Data shown
>>>

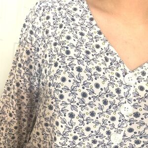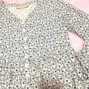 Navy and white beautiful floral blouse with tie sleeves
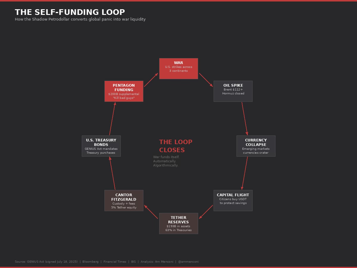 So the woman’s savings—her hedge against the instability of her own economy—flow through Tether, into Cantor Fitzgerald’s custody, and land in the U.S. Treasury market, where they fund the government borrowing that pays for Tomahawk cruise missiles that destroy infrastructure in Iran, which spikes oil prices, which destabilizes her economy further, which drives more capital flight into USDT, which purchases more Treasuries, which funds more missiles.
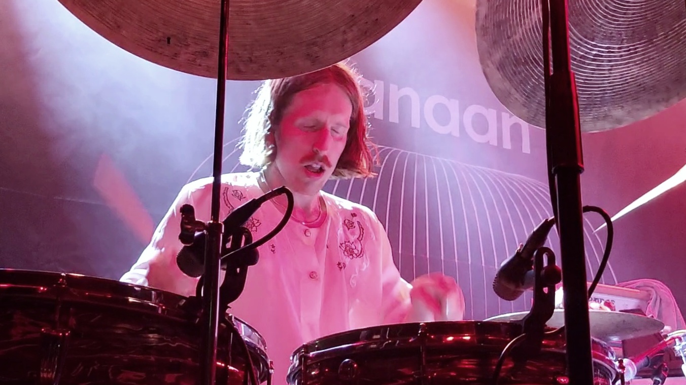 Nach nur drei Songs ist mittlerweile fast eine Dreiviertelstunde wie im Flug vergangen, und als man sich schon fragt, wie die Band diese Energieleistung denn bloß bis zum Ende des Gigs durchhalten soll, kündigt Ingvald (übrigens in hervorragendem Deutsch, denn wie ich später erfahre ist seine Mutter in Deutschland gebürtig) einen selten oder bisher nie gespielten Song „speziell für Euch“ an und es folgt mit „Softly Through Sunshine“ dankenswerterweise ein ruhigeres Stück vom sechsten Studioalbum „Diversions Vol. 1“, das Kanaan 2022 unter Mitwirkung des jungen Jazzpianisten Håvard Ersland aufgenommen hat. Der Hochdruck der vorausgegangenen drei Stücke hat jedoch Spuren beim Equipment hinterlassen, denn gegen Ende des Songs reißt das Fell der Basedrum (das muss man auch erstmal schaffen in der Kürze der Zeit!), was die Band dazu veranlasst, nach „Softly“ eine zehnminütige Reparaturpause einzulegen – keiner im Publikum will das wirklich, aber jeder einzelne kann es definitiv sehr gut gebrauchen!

<<<

Activity
Reproduce exactly the lines from the beginning of the material down to the line containing "So the woman’s", both ends included, but not the pictures or anything after.

Final answer
 Navy and white beautiful floral blouse with tie sleeves
 So the woman’s savings—her hedge against the instability of her own economy—flow through Tether, into Cantor Fitzgerald’s custody, and land in the U.S. Treasury market, where they fund the government borrowing that pays for Tomahawk cruise missiles that destroy infrastructure in Iran, which spikes oil prices, which destabilizes her economy further, which drives more capital flight into USDT, which purchases more Treasuries, which funds more missiles.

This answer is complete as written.